[R-sig-ME] ML or REML for LR tests

Fri Aug 29 15:30:40 CEST 2008

On Fri, Aug 29, 2008 at 2:53 AM, Ken Beath <ken at kjbeath.com.au> wrote:
> On 29/08/2008, at 2:47 PM, Austin Frank wrote:
>
>> On Thu, Aug 28 2008, Doran, Harold wrote:
>>
>>>> The likelihood-ratio test approach directly compares these two.
>>>
>>> Since these models differ in their fixed effects, you need REML=FALSE
>>> for the LRT to be meaningful.
>>
>> This is a standard operating procedure that I picked up and accepted on
>> faith when I first started using lmer, before I really knew what I was
>> doing.  It occurs to me that this is the case for much of my
>> understanding of model comparison, so I'd like to check my understanding
>> of the use of LR tests with lmer.  If this is a case of RTFM, please
>> provide a pointer to the relevant Friendly Manual ;)
>>
>> 1) Can anyone offer a reference where the case is made for doing LR
>> tests on models fit by ML (as opposed to REML)?
>>
>
> Any decent mixed models text. Verbeke and Molenberghs "Linear Mixed Models
> for Longitudinal Data" p63 or Pinheiro and Bates "Mixed-Effects Models in S
> and S-Plus" p76.
>
>> 2) Can non-nested ML models with the same number of fixed effects be
>> meaningfully compared with an LR test?  Something like:
>>
>
> No. General principle is for LR test models must be nested.
>
>> --8<---------------cut here---------------start------------->8---
>> data(sleepstudy)
>> set.seed(535353)
>> sleepstudy$Fake <- rnorm(nrow(sleepstudy))
>> m1 <- lmer(Reaction ~ Days + (1 | Subject), sleepstudy, REML=FALSE)
>> m2 <- lmer(Reaction ~ Fake + (1 | Subject), sleepstudy, REML=FALSE)
>> anova(m1, m2)                          # Is this test meaningful...
>>
>> ## When possible, test against superset model
>> m12 <- lmer(Reaction ~ Days + Fake (1 | Subject),
>>           sleepstudy, REML=FALSE)
>> anova(m1, m2, m12)                     # ... or only this one?
>> --8<---------------cut here---------------end--------------->8---
>>
>> 3) Is it the case that LR tests between REML models with different
>> random effects are meaningful?  Does this apply to both nested and
>> non-nested models?

> Maybe, but only for nested (see Q2). Supposedly it works better than ML. The
> significance tests wont be correct but if there is a huge significance level
> then there is probably a random effect. Simulation seems a better idea.

It may help to give a bit of background about what happens in the
anova method for mer objects in the lme4 package.

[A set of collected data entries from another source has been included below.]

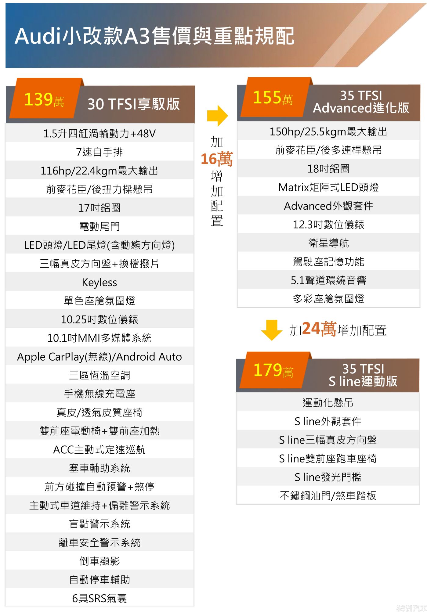 全車系搭載1.5升四缸渦輪引擎,入門30 TFSI享馭版提供116hp/22.4 kgm動力,中階35 TFSI Advanced進化版動力升級至150hp/25.5kgm,並加入Matrix矩陣式LED頭燈、12.3吋數位儀錶、原廠衛星導航、5.1聲道音響等小改款重點配備,頂規S line則加入運動化內外套件。
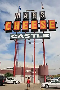 - π Mars Cheese Castle, 2800 W Frontage Rd (take exit 340 off of I94, turn west onto Burlington road; turn south onto Frontage road and look for the entrance on the left), toll-free: +1-800-655-6147. The hours are all over the place depending on the season, but it's usually 9AM - 7PM. No-one knows what Mars has to do with cheese or why it's in a castle. The vast selection of Wisconsin's finest and most famous dairy product prevents us from asking too many questions. In addition to an ungodly amount of cheese, the castle has imported chocolates, wine, local and imported beers, a deli, and touristy kitsch. Even if you don't buy anything, it's a nice place to stop, stretch your legs, and take a picture in front of the big sign.
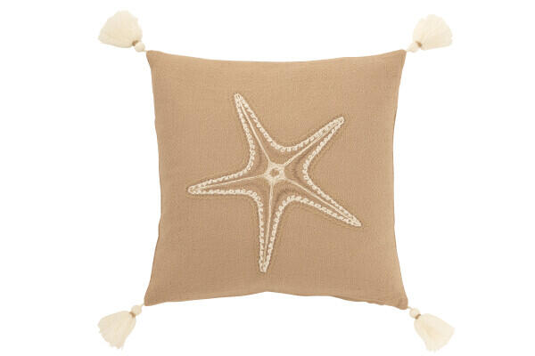 Add a playful yet elegant coastal touch to your space with this starfish cushion featuring soft tassel details. Its natural beige tones and ocean-inspired shape instantly create a relaxed, beachy atmosphere, perfect for both indoor and outdoor styling. The textured design adds depth while keeping a light and airy feel.
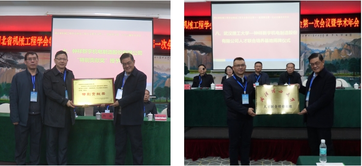 曹小华理事长代表物流工程专业委员会做了2024年度工作报告,报告中回顾了专委会2024年在理事会年会暨学术交流会、机械与物流工程研究生学术科技论坛、理事单位走访和技术探讨等方面的工作,同时就专委会下一年度的工作提出了期望。随后,为感谢钟祥新宇机电制造股份有限公司对本次提供的一流场所和服务,专委会理事长曹小华为其颁发了“特别贡献奖”。为了更好的促进产教融合,武汉理工大学和钟祥新宇机电制造股份有限公司共建了人才联合培养基地。
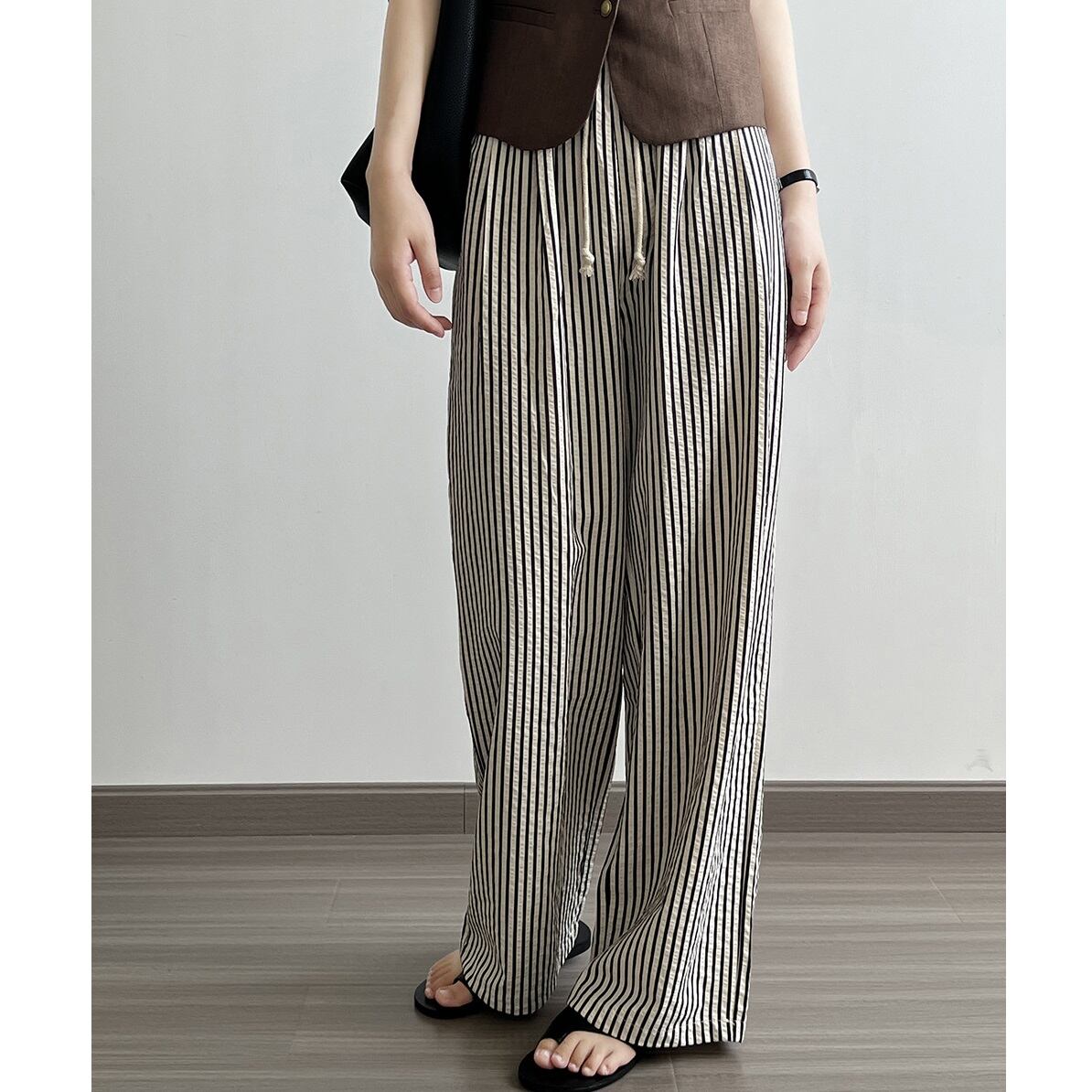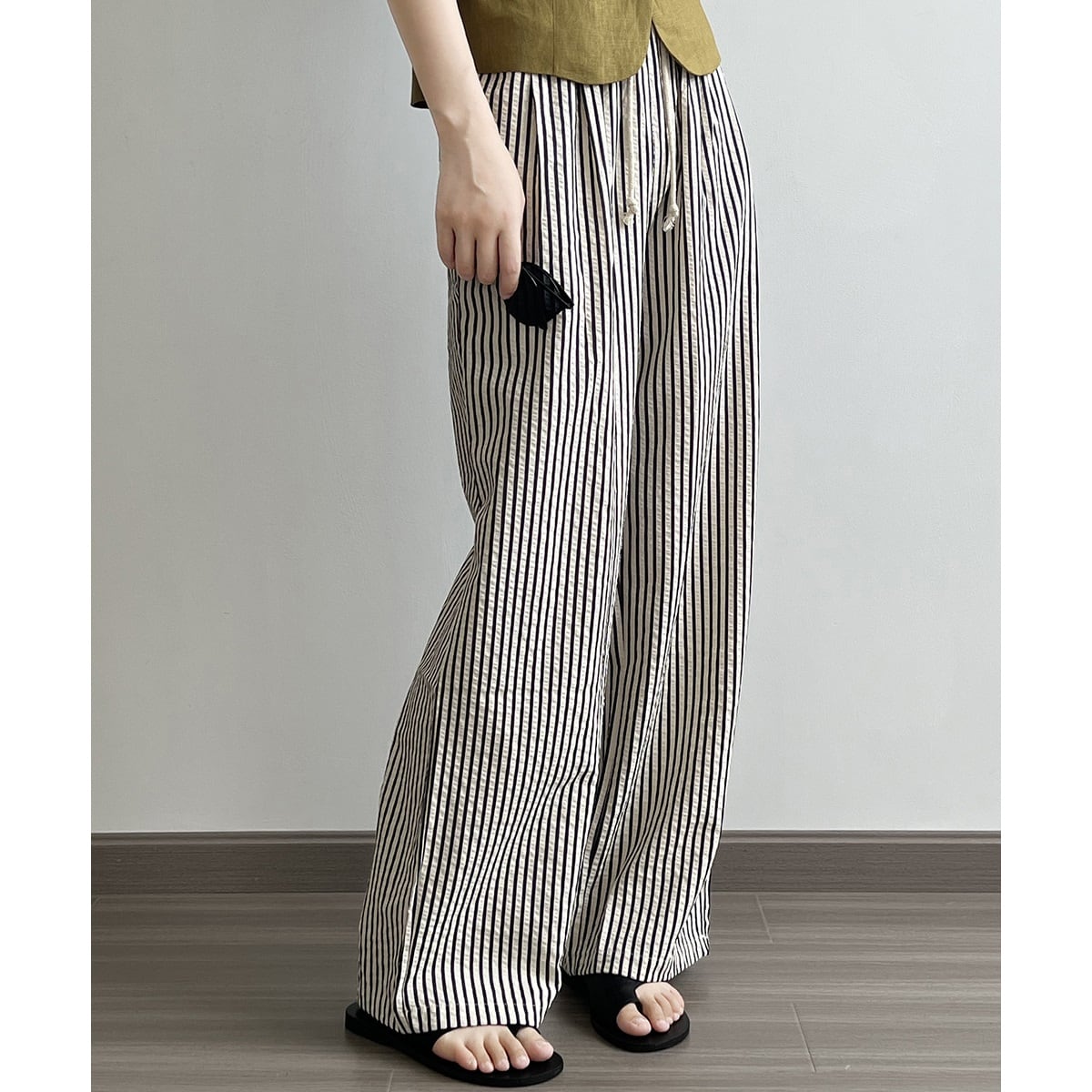 カジュアルな雰囲気漂うストライプ柄ワイドレッグパンツ。

When fitting a linear mixed model, both the profiled deviance
(negative twice the log-likelihood) and the profiled REML criterion
are evaluated at each iteration during the optimization.  The word
"profiled" means that, although the likelihood or the REML criterion
are defined as functions of the fixed-effects parameters,
$\boldmath{\beta}$, the common scale parameter, $\sigma$, and the
parameters $\boldmath{\theta}$ that determine the relative covariance
matrix $\boldmath{ \Sigma}$ of the random effects, these criteria are
evaluated as a function of $\boldmath{\theta}$ alone, with
$\boldmath{\beta}$ and $\sigma$ at their conditionally optimal values.

The profiled REML criterion has a term that depends on the model
matrix X for the fixed-effects parameters.  If you change the
definition of the fixed-effects you will change the value of that
criterion in a systematic way that does not depend on how well the
respective models fit the observed data.  Thus, differences in the
REML criterion are not a meaningful way to compare two models that
differ in the definition of the fixed-effects.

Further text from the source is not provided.